(GIVEN DATA)
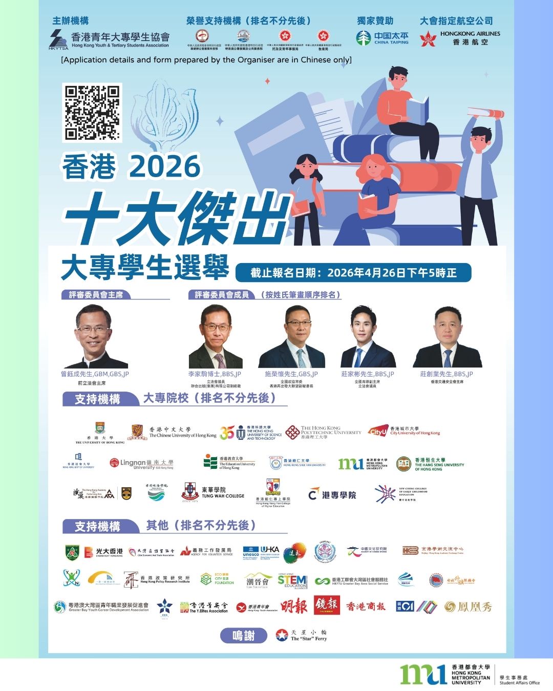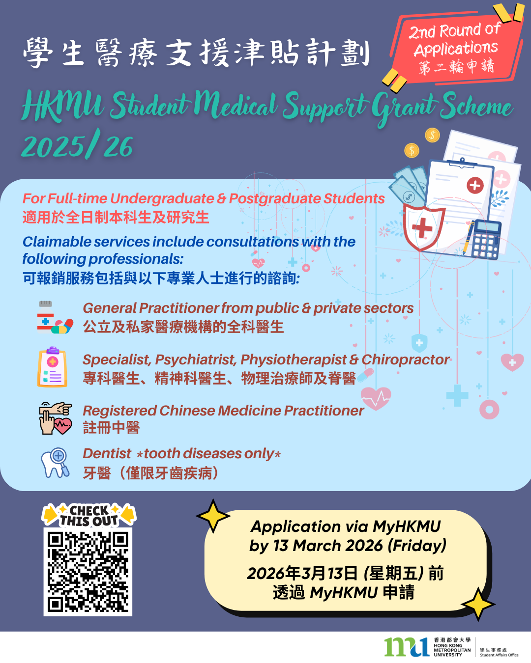 HKMU understands the challenge of financing university studies.  We are committed to providing financial assistance to needy students who should have equal opportunities for fruitful university studies.
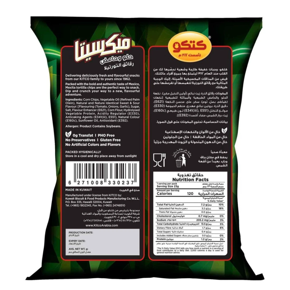 Kitco Mexita Sweet And Sour Tortilla Chips are a savoury and flavourful snack that combines the delicious taste of sweet and sour flavours with a crunchy tortilla chip. Made from high-quality ingredients these chips are seasoned with a perfect blend of spices to create an irresistible taste. The 40g package is perfect for on-the-go snacking or for enjoying as a quick snack at home. Whether you're looking for a tasty snack to satisfy your craving or to share with friends Kitco Mexita Sweet And Sour Tortilla Chips are a great choice.
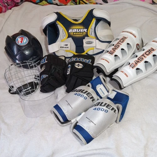 Full Hockey Gear Starter Set Bauer Helmet Pads Gloves Shin Guards SR L
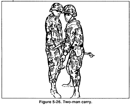 (2) Two-man carry. With the gunner on the right and assistant gunner on the left, each grasps the front leg with his forward hand and a trail leg with the other hand, just above the traversing bar (Figure 5-26).
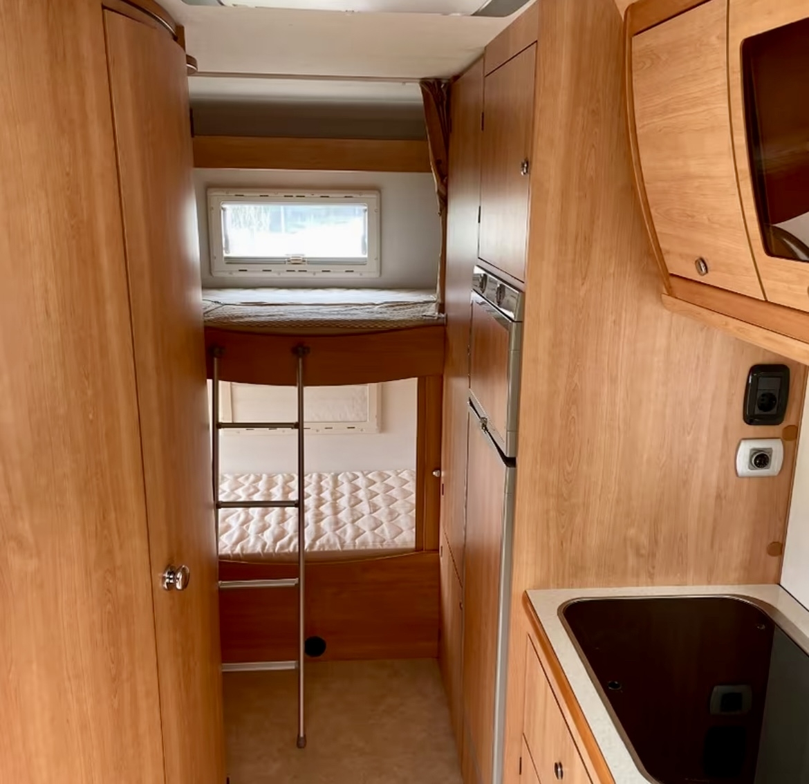 Radio cd, clima cabina, doppio airbag, vetri elettrici, sedili girevoli, ASR, oscuranti e zanzariere su tutte le finestre, clima cellula, riscaldamento truma combi, frigorifero trivalente automatico, cappa aspirante, box doccia separato, zanzariera porta ingresso, luce esterna, tendalino esterno
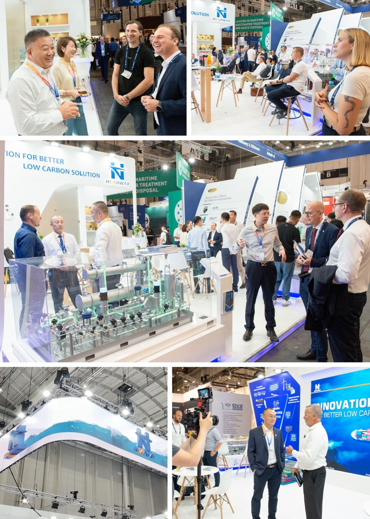 始于1963年的德國漢堡國際海事展覽會(SMM),是目前全球海事界規模最大、專業水平最高、影響力最強的國際貿易展覽會。本屆展會現場,海德威展出了涵蓋甲醇燃料供給系統、氨燃料供給系統、船舶尾氣脫硫系統、碳捕集與再利用系統、壓載水處理系統等為核心的低碳航運產品生態,以及固態儲氫、AEM制氫、二氧化碳加綠氫合成綠色甲醇等行業最新前沿技術。
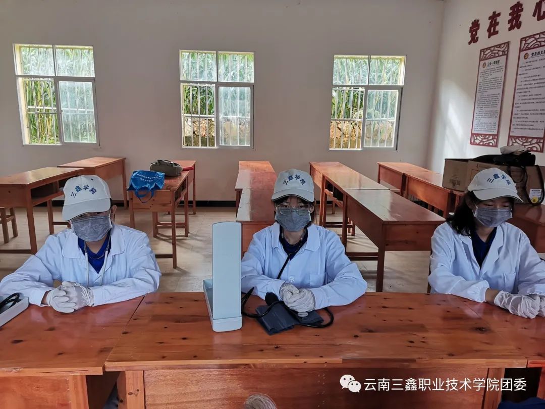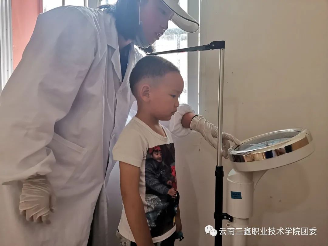 給村民測(cè)量血壓,為小朋友們測(cè)量身高和體重。
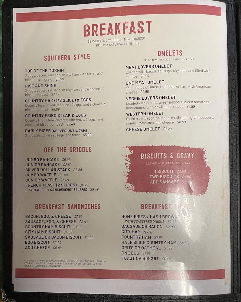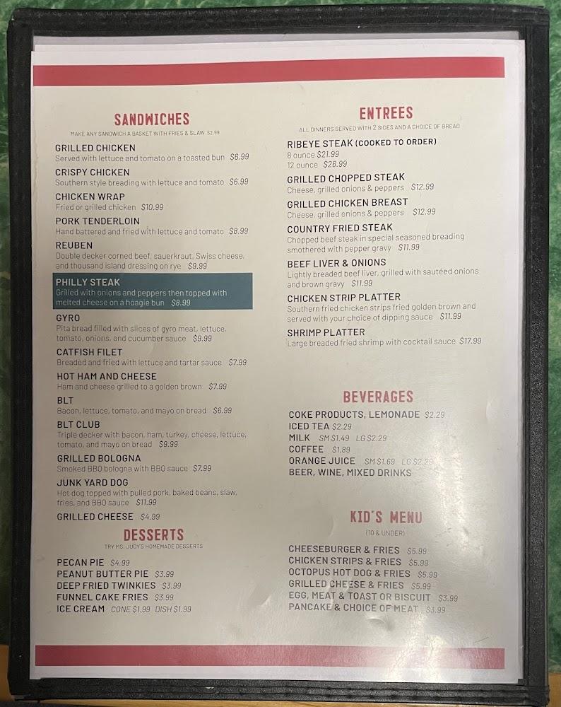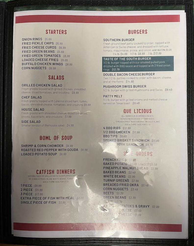 Highlight dishes like the Southern Burger and Fried Green Tomatoes stand out. Desserts cater to sweet lovers, featuring selections like Pecan Pie and Fried Twinkies.
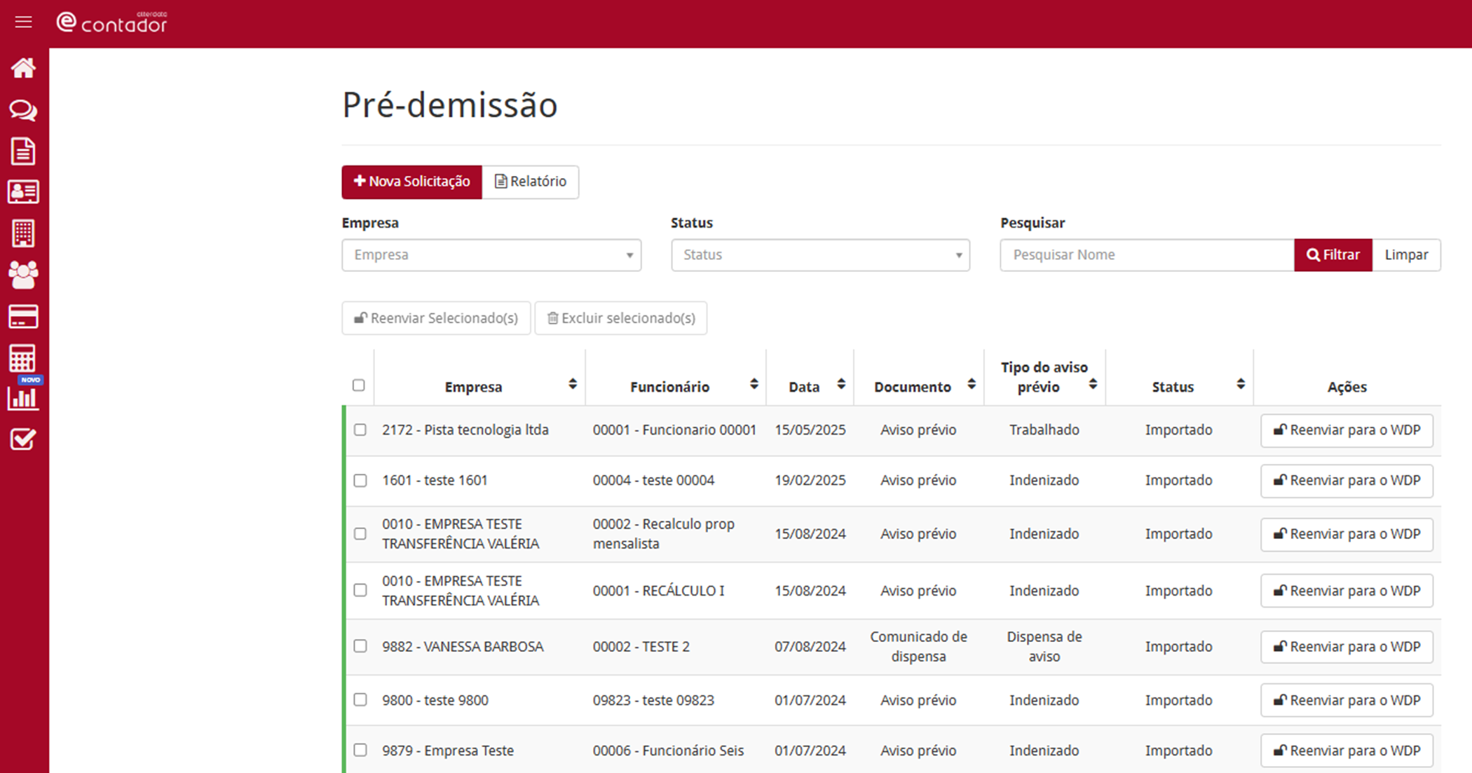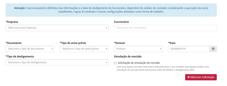 Após a importação pela folha de pagamento de uma solicitação de Notificação de Rescisão, caso o necessário a mesma poderá ser reenviada nesta opção:
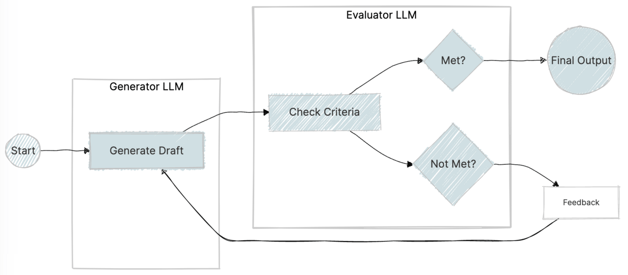 Evaluator LLM: Checks against criteria (e.g., structure adherence)
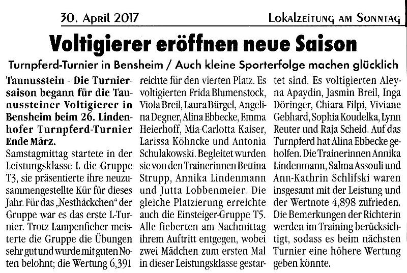 Presseberichte zum Lindenhofer Turnpferd-Turnier
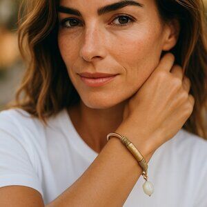 J. Jill Charm Bracelet Stone Glass Bead Antique Gold Tone Braided Cord Hook NWT
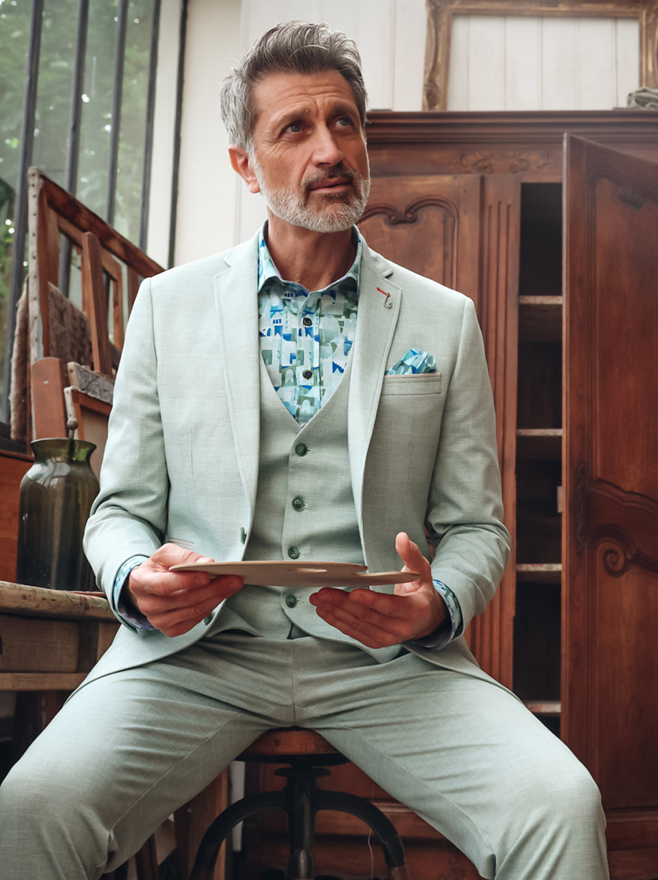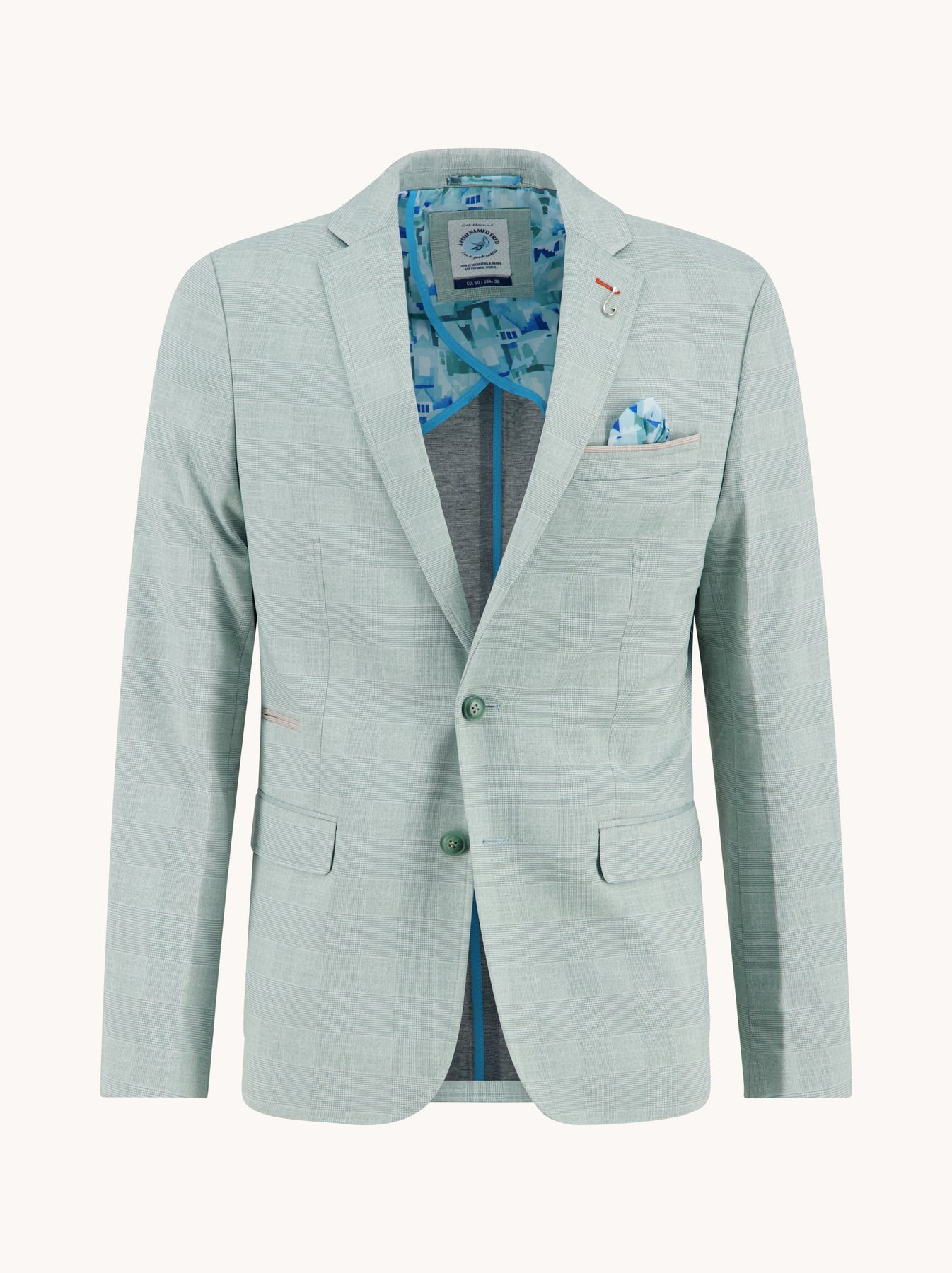 Step into the new season with the Travel blazer by A fish named Fred. Designed for warm days and style-conscious men, this lightweight blazer features a subtle checked texture on the outside and a bold printed lining inspired by modern cityscapes.
(End GIVEN DATA)
Which part of the entries opens with the line containing "Highlight dishes like" and closes with the line containing "J. Jill Charm"? Output that part exactly, ends included, pictures excluded.

### OUTPUT OF THE EXERCISE
 Highlight dishes like the Southern Burger and Fried Green Tomatoes stand out. Desserts cater to sweet lovers, featuring selections like Pecan Pie and Fried Twinkies.
 Após a importação pela folha de pagamento de uma solicitação de Notificação de Rescisão, caso o necessário a mesma poderá ser reenviada nesta opção:
 Evaluator LLM: Checks against criteria (e.g., structure adherence)
 Presseberichte zum Lindenhofer Turnpferd-Turnier
 J. Jill Charm Bracelet Stone Glass Bead Antique Gold Tone Braided Cord Hook NWT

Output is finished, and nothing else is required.